はじめに
OpenCVやTensorFlowの使い方がそこそこわかってきたので、何かわかりやすいものを作ってみようかなと思っていたら、カメラの画像を取り込んでリアルタイムにエフェクトをかけるサンプルがあったので、これを参考にして顔画像から誰かを学習して、リアルタイムに顔から人を識別して画面に表示することを試してみました。
環境
- MacBook Air (13-inch, Early 2015)
- macOS Sierra 10.12.6
- Python 3.6.0 :: Anaconda 4.3.1 (x86_64)
- OpenCV 3.3.0-rc
- TensorFlow 1.1.0
環境構築の手順は以下を参照。
データ収集
OpenCVのフォルダから「haarcascade_frontalface_alt2.xml」をコピーし、同じフォルダに以下のスクリプトを作成。
get_faces.py
import os
import sys
import time
from datetime import datetime as dt
import cv2
name = sys.argv[-1]
print(name)
cascade_file = "haarcascade_frontalface_alt2.xml"
cascade = cv2.CascadeClassifier(cascade_file)
cnt_max = 21
cnt_face = 0
faces = []
# カメラ取り込み開始
DEVICE_ID = 0
cap = cv2.VideoCapture(DEVICE_ID)
# 初期フレームの取得
time.sleep(1)
end_flag, c_frame = cap.read()
height, width, channels = c_frame.shape
while cnt_face < cnt_max:
img = c_frame
img_gray = cv2.cvtColor(img, cv2.COLOR_BGR2GRAY)
face_list = cascade.detectMultiScale(img_gray, minSize=(100, 100))
for (pos_x, pos_y, w, h) in face_list:
# 顔の切出
img_face = img[pos_y:pos_y+h, pos_x:pos_x+w]
# 画像サイズ変更
img_face = cv2.resize(img_face, (100, 100))
faces.append(img_face)
if len(face_list) > 0:
cnt_face += 1
print("\r", cnt_face, end="")
time.sleep(1)
end_flag, c_frame = cap.read()
cap.release()
print(len(faces))
num = 0
tdatetime = dt.now()
tstr = tdatetime.strftime('%Y%m%d%H%M')
# 学習データ
path = '{}/faces/train/{}'.format(os.getcwd(), name)
print("学習データ", path)
os.makedirs(path)
for face in faces[:-1]:
filename = '{}-{}.jpg'.format(tstr, num)
print("\t", filename)
cv2.imwrite('{}/{}'.format(path, filename), face)
num += 1
# テストデータ
path = '{}/faces/test/{}'.format(os.getcwd(), name)
print("テストデータ", path)
os.makedirs(path)
face = faces[-1]
filename = '{}-{}.jpg'.format(tstr, num)
print("\t", filename)
cv2.imwrite('{}/{}'.format(path, filename), face)
識別したい人別に以下のコマンドでデータ収集。
$ python get_faces.py [name of person]
学習
上記と同じフォルダに以下のスクリプトを作成。
train.py
import os
import random
import cv2
import numpy as np
import tensorflow as tf
import matplotlib.pyplot as plt
path = "./faces/train"
dirs = os.listdir(path)
dirs = [f for f in dirs if os.path.isdir(os.path.join(path, f))]
label_dict = {}
i = 0
for dirname in dirs:
label_dict[dirname] = i
i += 1
def load_data(data_type):
filenames, images, labels = [], [], []
walk = filter(lambda _: not len(_[1]) and data_type in _[0], os.walk('faces'))

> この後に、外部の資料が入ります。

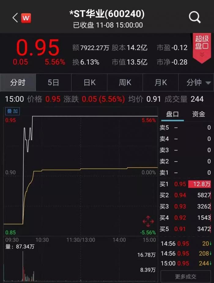 11月8日,*ST华业早盘上演“地天板”,股价报0.95元/股。这意味着,如果未来两个交易日股价在现在基础上涨逾5分钱,升破1元线,*ST华业就暂时熬过退市“关口”,面值退市的20个交易日周期将重新计算。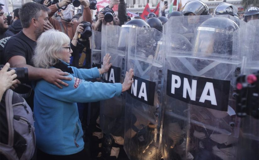 ¿Cómo lo está haciendo? Las innumerables medidas aplicadas por Milei desde el inicio de su gobierno han operado bajo la lógica de la «doctrina del shock» (Naomi Klein), por su profundidad y su velocidad, con el propósito de noquear al campo popular y progresista. Eso viene aceitado con un incremento de la represión bajo el paraguas del «Protocolo Bullrich», instrumento legal para reprimir con contundencia la protesta social. La violencia desproporcionada que se ha empleado contra la movilización de los y las jubilados/as es el ejemplo más paradigmático.
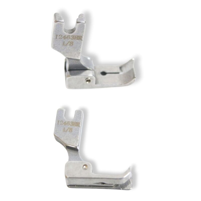 El pie guía derecho HR 1/8 industrial permite costuras rectas con separación precisa de 1/8" del borde. Ideal para acabados visibles, pespuntes decorativos y trabajos industriales con alta precisión.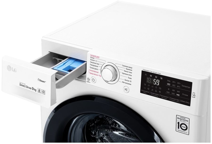 LGБытовая техникаСтиральные машиныСтандартные стиральные машиныСтиральная машина LG F4M5VS6W 56см, 9кг, дозагрузка белья, функцией пара, AI DD, «6 движений заботы».
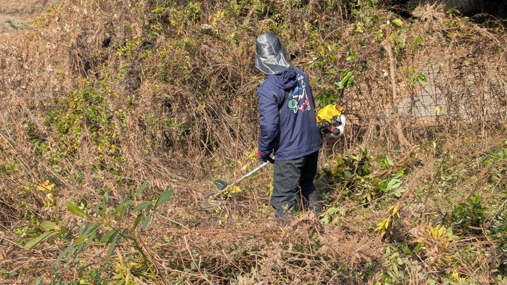 私たちは草刈り機やチェーンソーを駆使し、約1か月間、雑草や木を取り除いてきました。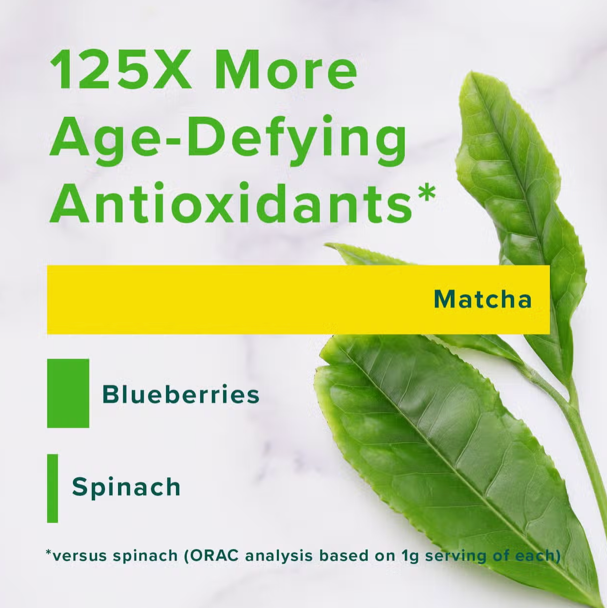 - 27mg of caffeine and L-Theanine, naturally occuring from matcha, boosts productivity, improves mental clarity and focus+
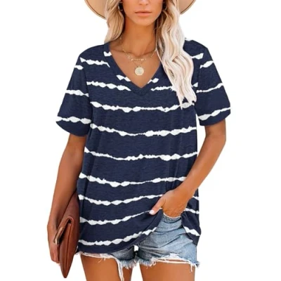 MOLERANI Ladies Tops Women Short Sleeve V Neck Striped Summer Casual Loose Tee Navy Wavy Size 10 12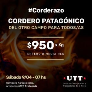 La Unión de Trabajadores y Trabajadoras de la Tierra (UTT) demuestra una vez más que es posible producir alimentos sanos y construir canales de comercialización justa para la ciudadanía. Es por eso que el sábado 9 de abril se lanza un nueva iniciativa, con la venta directa de 350 corderos patagónicos a $950 por kg., fruto del trabajo de las familias campesinas del sur del país, alimentados a base de pastura natural, sin hormonas, ni productos ultra procesados.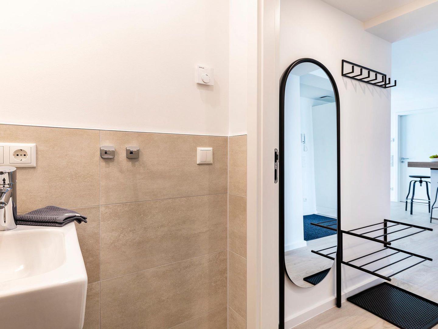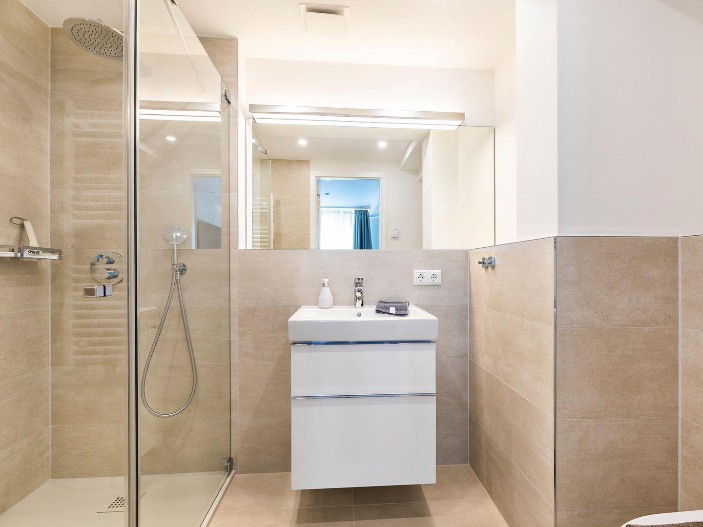 - Badezimmer: Regendusche, WC, Haartrockner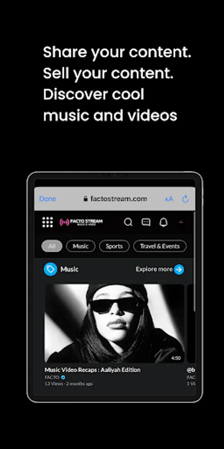 Music & Video Live streaming available for any for of artist, event, interviews, movies, stand up specials or other experiences within FACTO, or enjoy live stream of other users.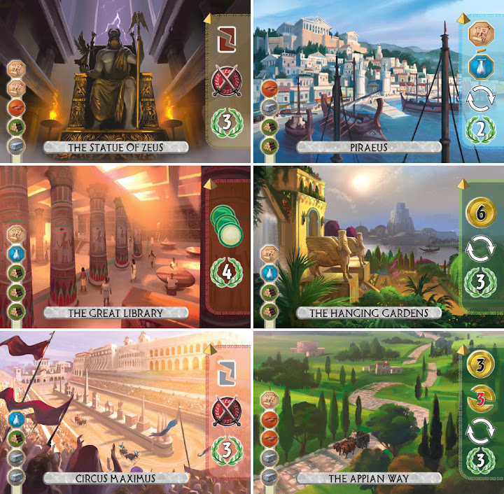 Вы в течение получаса строите что-то, что даже великолепные иллюстрации не в силах привязать к античному городу. И возведение в ходе игры чудес, вокруг которых, судя по названию, и должно все крутится, тоже не добавляет антуража – это просто дополнительные бонусы и с историческими чудесами они никак не связаны. В итоге «зацепиться» не за что и от этого становится грустно, потому что именно атмосфера в настольных играх творит чудеса.
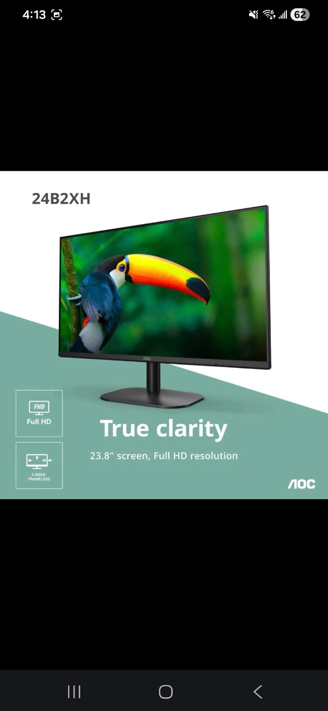 Selling an AOC 24B2XH monitor with a 23.8" screen and Full HD resolution. It offers true clarity in a frameless design. Perfect for everyday use!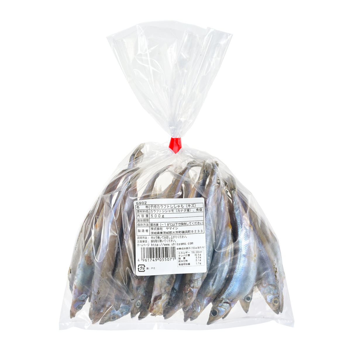 [アレルギー物質特定原材料8品目] なし [内容量] 500g×2袋 [賞味期限] 出荷時点で賞味期限まで120日以上ある商品をお届けします [保存方法] 開封前:冷凍(‐18℃以下)で保存してください 開封後:開封後はお早めにお召し上がりください [お召し上がり方] 中火で焼いてお召し上がりください [原料原産地] カラフトシシャモ(カナダ産) [原産国] 日本 [原材料]カラフトシシャモ(カナダ産)、食塩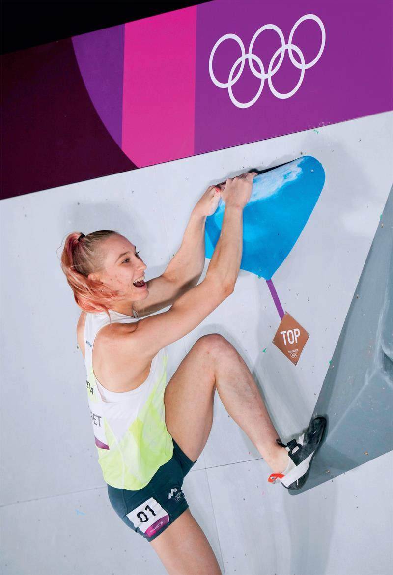 攀石赛,又称抱石赛,运动员不用绳索,每轮攀登四五条线路,在规定时间里完攀的线路数量越多,获得的得分点数量越多,尝试的次数越少,成绩就越好。这个过程不仅考验运动员的体能和灵活度,更体现其对各种难点的破解力和创造力。赛场上,运动员一个又一个在线路上频频尝试,又屡屡功亏一篑,在一片叹惜声中砰然掉落的场景比比皆是。再看加恩布雷特,在岩壁上一招一式合理到位,敏捷灵巧,化险纾难。无论线路设计得多么让人头痛,大多不能阻止她过关到顶。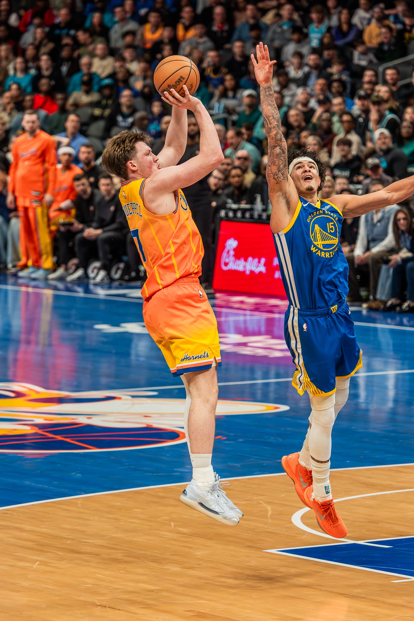 After the Hornets raced to a 10-3 lead in the first quarter, Golden State was able to find their rhythm to quickly get back on even footing. With both teams moving the ball up the court quickly and getting up quick shots, the high-scoring quarter ended with Golden State and Charlotte knotted up at 30.

for root, dirs, files in walk:
filenames += ['{}/{}'.format(root, _) for _ in files if not _.startswith('.')]
# Shuffle files
random.shuffle(filenames)
# Read, resize, and reshape images
images = []
for file in filenames:
img = cv2.imread(file)
img = cv2.resize(img, (32,32))
images.append(img.flatten().astype(np.float32) / 255.0)
images = np.asarray(images)
for filename in filenames:
label = np.zeros(len(label_dict))
for k, v in label_dict.items():
if k in filename:
label[v] = 1.
labels.append(label)
return images, labels
def get_batch_list(l, batch_size):
# [1, 2, 3, 4, 5,...] -> [[1, 2, 3], [4, 5,..]]
return [np.asarray(l[_:_+batch_size]) for _ in range(0, len(l), batch_size)]
def weight_variable(shape):
initial = tf.truncated_normal(shape, stddev=0.1)
return tf.Variable(initial)
def bias_variable(shape):
initial = tf.constant(0.1, shape=shape)
return tf.Variable(initial)
def conv2d(x, W):
return tf.nn.conv2d(x, W, strides=[1, 1, 1, 1], padding='SAME')
def max_pool_2x2(x):
return tf.nn.max_pool(x, ksize=[1, 2, 2, 1], strides=[1, 2, 2, 1], padding='SAME')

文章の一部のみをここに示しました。